-- Available data follows --

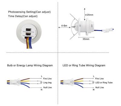 Bu ürün 220v lambalarınızı otomatik yapmak için kullanılan bir sensördür. Hareketleri algılayarak bir sinyal çıkışı verir ve lambanızın yanmasını sağlar. Enerji tasarruflu , led, floresan gibi lambalarda kullanılabilir. Ürün üzerinde üç farklı çalışma modu ve üç farklı zaman ayarı bulunmaktadır. Karanlıkta, kısmi karanlıkta (akşamları) yada tüm gün kullanıma ayarlayabilirsiniz. 5 dakika, 45saniye ve 15saniye çalışma modları mevcuttur. Bağlantısı oldukça kolaydır. Uzun olan 2 kablo 220v kaynağa, kısa olan kablolar ise lambaya bağlanır.
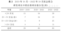 2019年10月—2022年10月医企联合研发项目不同经费项目数分布(项)
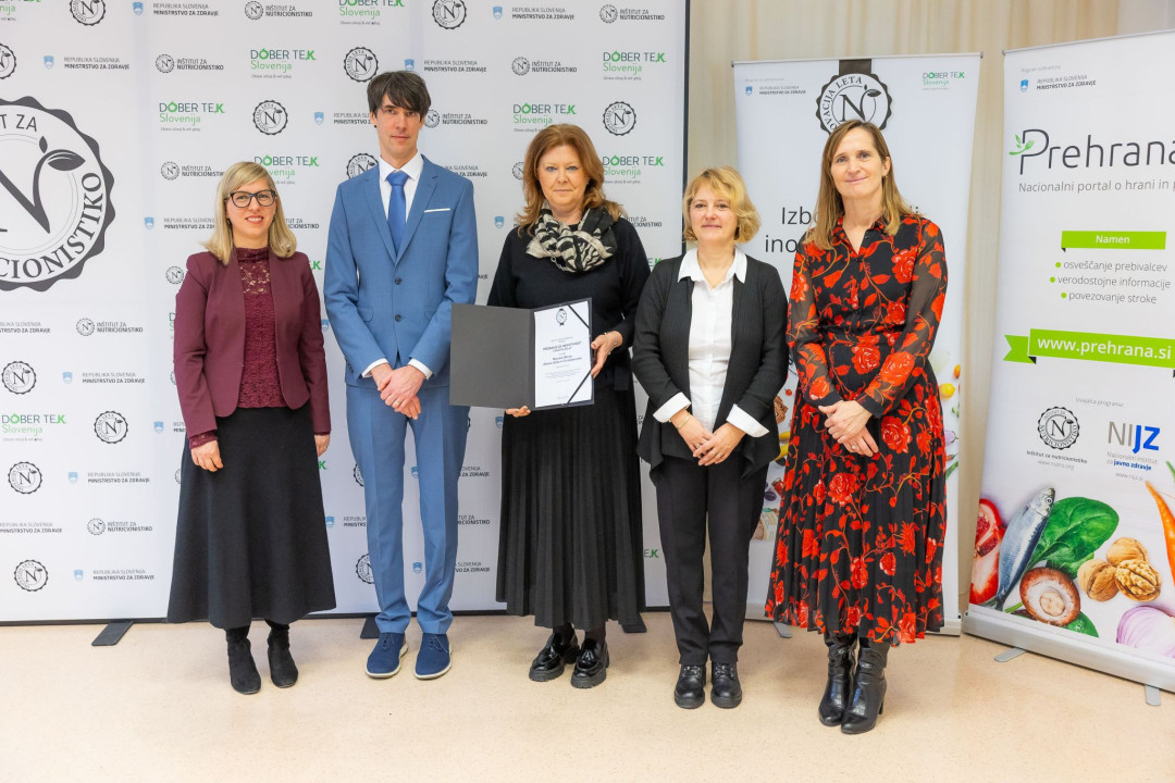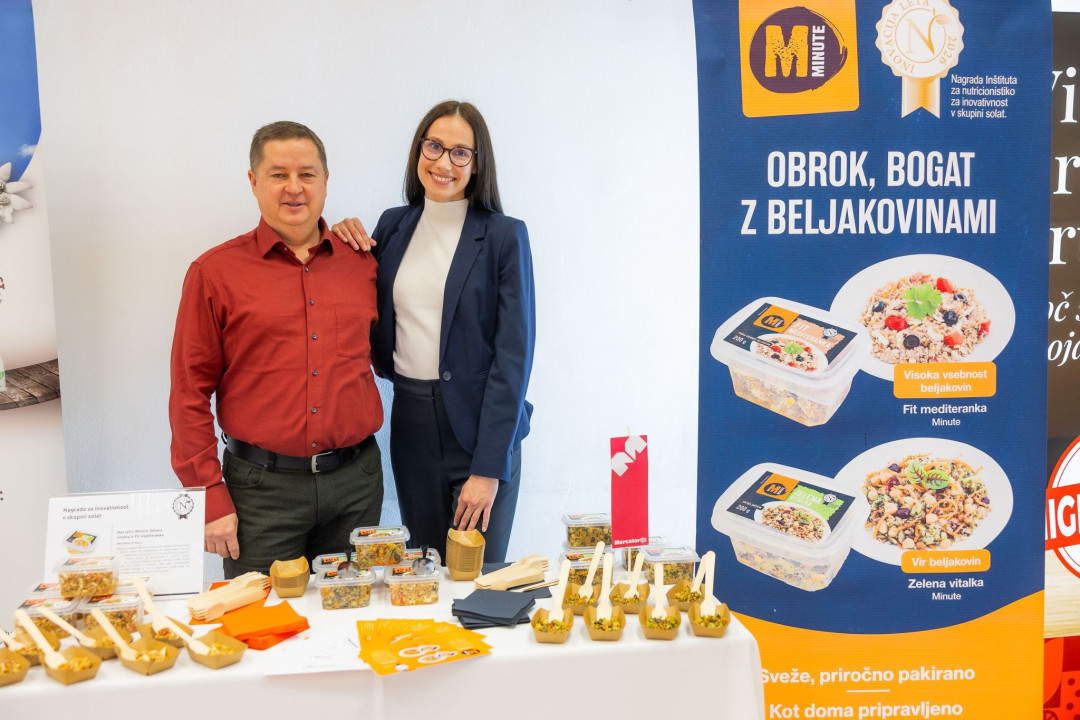 Nagrado je v imenu Mercator IP prevzela članica poslovodstva Katja Mihelič (na fotografiji spodaj v sredini) ob tem pa poudarila pomen ozaveščanja potrošnikov in razvoja hranljivih, trajnostno naravnanih živil. Podelitve sta se udeležila tudi Stevan Kunc, vodja komerciale in Ana Marija Jeras, tehnologinja v Mercator IP (na fotografiji zgoraj), ki sta po podelitvi še podrobneje predstavila nagrajena izdelka.
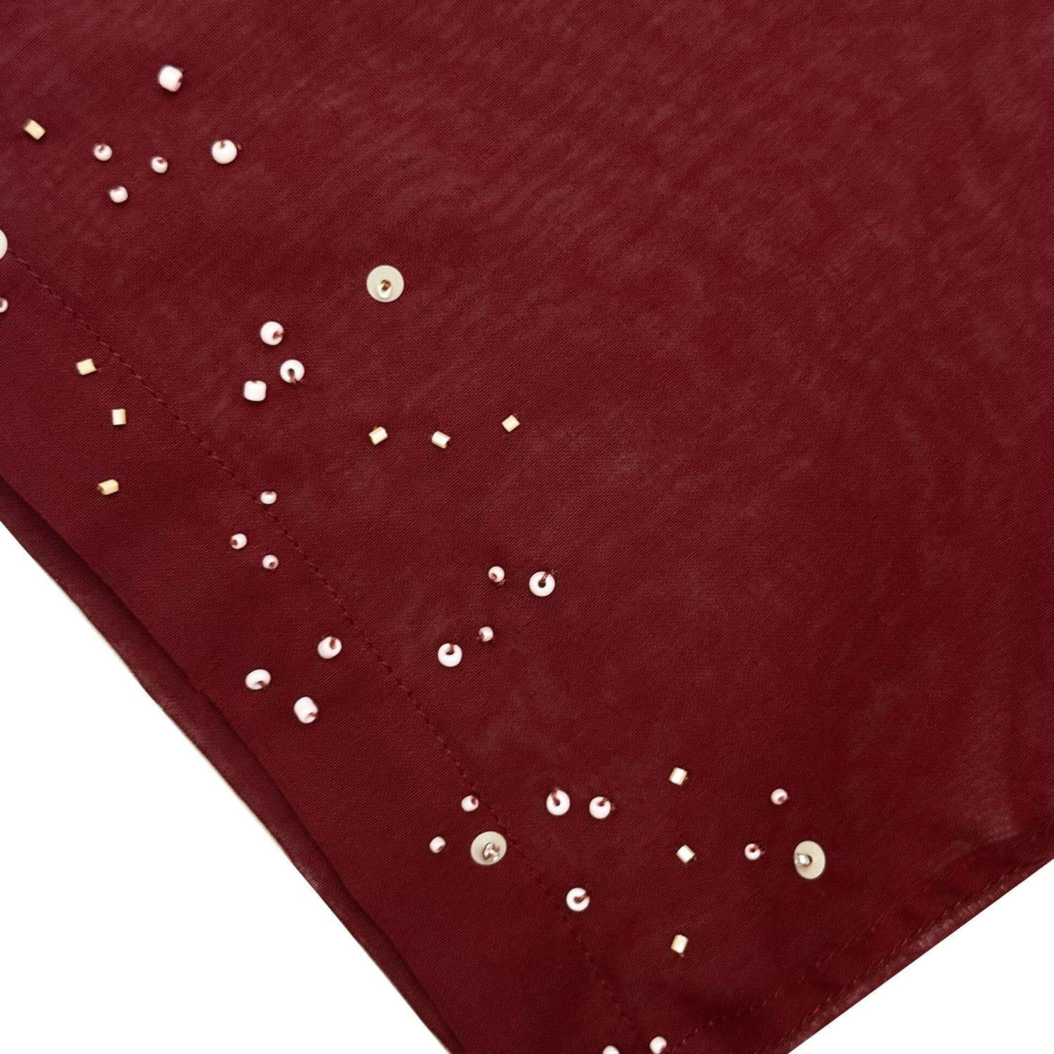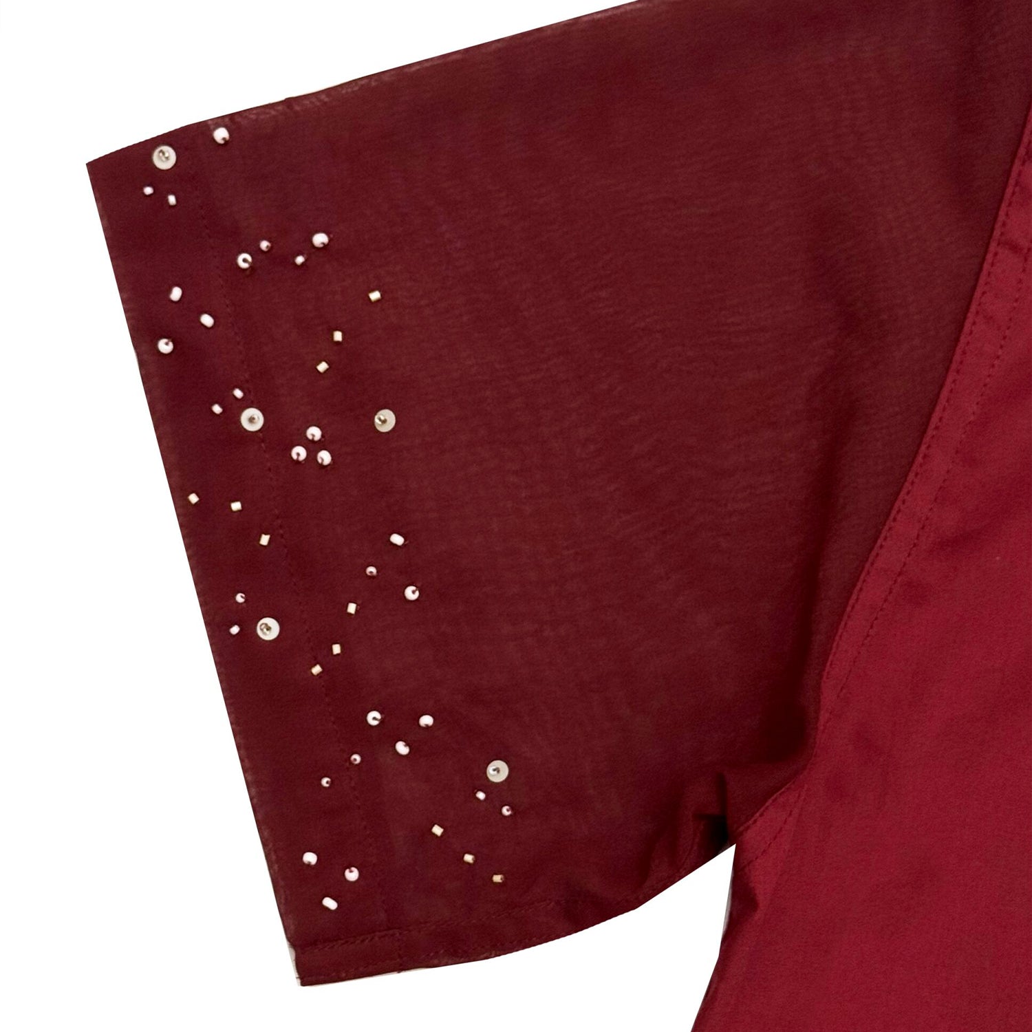Boxy cut short sleeve shirt constructed of a mix of cotton-poplin & voile fabric made in oversized fitting. Adorned with subtle hand-beaded embellishments on the sleeves, neatly finished with Mote Mote’s buttons.
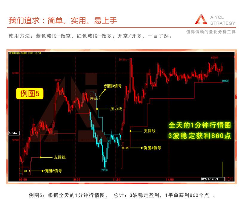例图5:根据全天的1分钟行情图, 总计:3波稳定盈利,1手单获利860个点 。
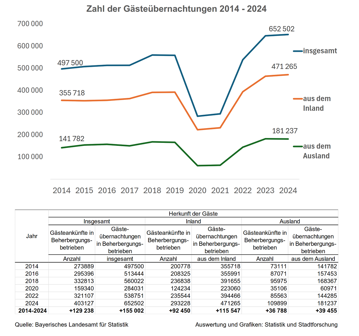 Das Bayerische Landesamt für Statistik veröffentlicht jeden Monat die Zahlen zu den Übernachtungen der Beherbergungsbetriebe. Berücksichtigt werden dabei nur Betriebe mit mindestens zehn Gästebetten. Dazu teilt die Abteilung Statistik und Stadtforschung des Hauptamtes mit: Die Zahl der Übernachtungen nahm in Ingolstadt abgesehen vom Einbruch während der „Corona“-Jahre stetig zu auf zuletzt mehr als 650 000 Übernachtungen im Jahr 2024. Dabei werden auch Übernachtungen auf dem Ingolstädter Campingplatz mitgezählt. Insgesamt gab es mehr als 403 000 Gästeankünfte. Rund 110 000 Gäste kamen aus dem Ausland (+ 36 800 bzw. + 50% gegenüber dem Jahr 2014).
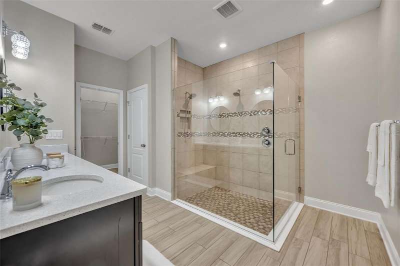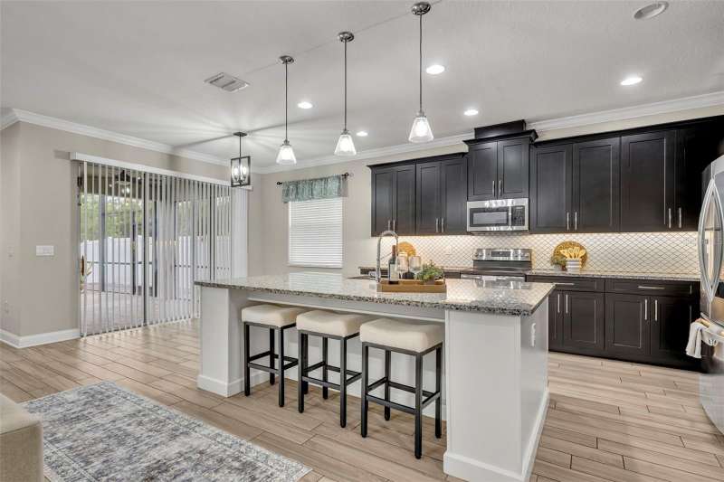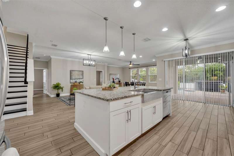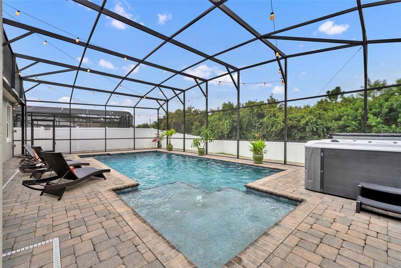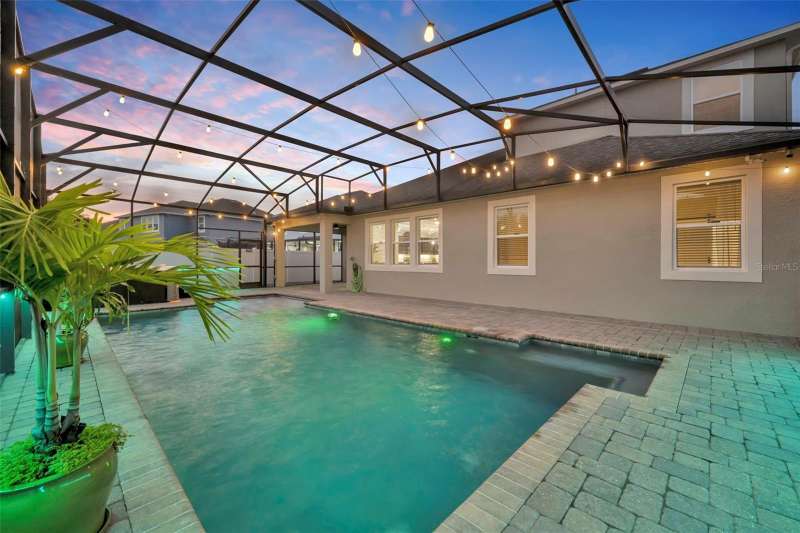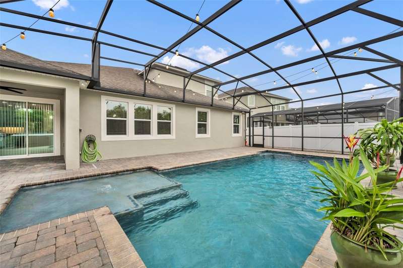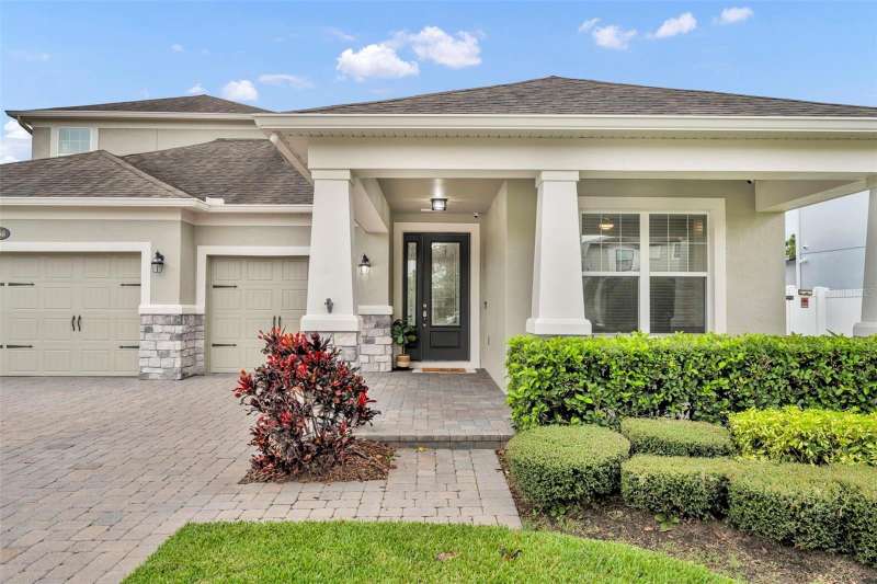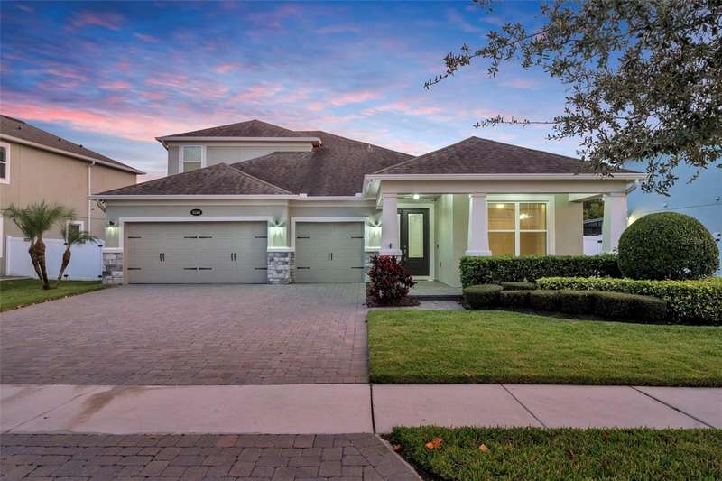 Under contract-accepting backup offers. One or more photo(s) has been virtually staged. Welcome to this beautifully appointed executive home in the sought-after Lake Nona area, just minutes from the Lake Nona Medical City complex. With 4 bedrooms, 4 baths, and a 3-car garage, this home combines luxury, comfort, and functionality in everything from the tankless water heater and water filtration system to the spacious and private fenced backyard perfect for outdoor entertaining. The heart of the home is the expansive kitchen featuring granite countertops, upgraded cabinetry, stainless steel appliances, and a large island with seating — perfect for both everyday living and entertaining. Seamless wood-look tile flooring flows throughout the first floor, complemented by crown molding for added style. A spacious laundry room with a utility sink and cabinets adds convenience, while the freshly painted exterior and charming front porch with a paver driveway enhance curb appeal. The primary suite, located on the first floor, offers pool views and a spa-like bathroom with dual sinks, a large walk-in shower with dual shower heads, and a massive walk-in closet. The smart three-way split floor plan ensures privacy, with two guest bedrooms and a shared bath at the front of the home, plus a third guest bedroom with its own bath on the opposite side. Upstairs, discover a nearly 600 sq. ft. bonus room featuring the fourth bathroom and storage closet—ideal for a media room, playroom, guest retreat, or a second primary suite. Step outside to your private backyard oasis overlooking the serene nature preserve. The screened patio showcases a gorgeous heated pool with a large sun shelf, decorative lighting all around, plus a 7-seat jetted spa. The three-way sliders that lead to a covered lanai create the ultimate indoor-outdoor lifestyle. Set in the gated community of Somerset, residents enjoy a peaceful setting with added security from the gated entrance, a community pool, walking sidewalks, and a playground. All of this is just moments from Lake Nona’s shopping, dining, and world-class amenities. This home is move-in ready and waiting for you to enjoy the Orlando lifestyle.

-- Available data concluded --

Problem statement – Excluding the pictures, reproduce every entry exactly as given.

Result for this task –
 Bu ürün 220v lambalarınızı otomatik yapmak için kullanılan bir sensördür. Hareketleri algılayarak bir sinyal çıkışı verir ve lambanızın yanmasını sağlar. Enerji tasarruflu , led, floresan gibi lambalarda kullanılabilir. Ürün üzerinde üç farklı çalışma modu ve üç farklı zaman ayarı bulunmaktadır. Karanlıkta, kısmi karanlıkta (akşamları) yada tüm gün kullanıma ayarlayabilirsiniz. 5 dakika, 45saniye ve 15saniye çalışma modları mevcuttur. Bağlantısı oldukça kolaydır. Uzun olan 2 kablo 220v kaynağa, kısa olan kablolar ise lambaya bağlanır.
 2019年10月—2022年10月医企联合研发项目不同经费项目数分布(项)
 Nagrado je v imenu Mercator IP prevzela članica poslovodstva Katja Mihelič (na fotografiji spodaj v sredini) ob tem pa poudarila pomen ozaveščanja potrošnikov in razvoja hranljivih, trajnostno naravnanih živil. Podelitve sta se udeležila tudi Stevan Kunc, vodja komerciale in Ana Marija Jeras, tehnologinja v Mercator IP (na fotografiji zgoraj), ki sta po podelitvi še podrobneje predstavila nagrajena izdelka.
Boxy cut short sleeve shirt constructed of a mix of cotton-poplin & voile fabric made in oversized fitting. Adorned with subtle hand-beaded embellishments on the sleeves, neatly finished with Mote Mote’s buttons.
例图5:根据全天的1分钟行情图, 总计:3波稳定盈利,1手单获利860个点 。
 Das Bayerische Landesamt für Statistik veröffentlicht jeden Monat die Zahlen zu den Übernachtungen der Beherbergungsbetriebe. Berücksichtigt werden dabei nur Betriebe mit mindestens zehn Gästebetten. Dazu teilt die Abteilung Statistik und Stadtforschung des Hauptamtes mit: Die Zahl der Übernachtungen nahm in Ingolstadt abgesehen vom Einbruch während der „Corona“-Jahre stetig zu auf zuletzt mehr als 650 000 Übernachtungen im Jahr 2024. Dabei werden auch Übernachtungen auf dem Ingolstädter Campingplatz mitgezählt. Insgesamt gab es mehr als 403 000 Gästeankünfte. Rund 110 000 Gäste kamen aus dem Ausland (+ 36 800 bzw. + 50% gegenüber dem Jahr 2014).
 Under contract-accepting backup offers. One or more photo(s) has been virtually staged. Welcome to this beautifully appointed executive home in the sought-after Lake Nona area, just minutes from the Lake Nona Medical City complex. With 4 bedrooms, 4 baths, and a 3-car garage, this home combines luxury, comfort, and functionality in everything from the tankless water heater and water filtration system to the spacious and private fenced backyard perfect for outdoor entertaining. The heart of the home is the expansive kitchen featuring granite countertops, upgraded cabinetry, stainless steel appliances, and a large island with seating — perfect for both everyday living and entertaining. Seamless wood-look tile flooring flows throughout the first floor, complemented by crown molding for added style. A spacious laundry room with a utility sink and cabinets adds convenience, while the freshly painted exterior and charming front porch with a paver driveway enhance curb appeal. The primary suite, located on the first floor, offers pool views and a spa-like bathroom with dual sinks, a large walk-in shower with dual shower heads, and a massive walk-in closet. The smart three-way split floor plan ensures privacy, with two guest bedrooms and a shared bath at the front of the home, plus a third guest bedroom with its own bath on the opposite side. Upstairs, discover a nearly 600 sq. ft. bonus room featuring the fourth bathroom and storage closet—ideal for a media room, playroom, guest retreat, or a second primary suite. Step outside to your private backyard oasis overlooking the serene nature preserve. The screened patio showcases a gorgeous heated pool with a large sun shelf, decorative lighting all around, plus a 7-seat jetted spa. The three-way sliders that lead to a covered lanai create the ultimate indoor-outdoor lifestyle. Set in the gated community of Somerset, residents enjoy a peaceful setting with added security from the gated entrance, a community pool, walking sidewalks, and a playground. All of this is just moments from Lake Nona’s shopping, dining, and world-class amenities. This home is move-in ready and waiting for you to enjoy the Orlando lifestyle.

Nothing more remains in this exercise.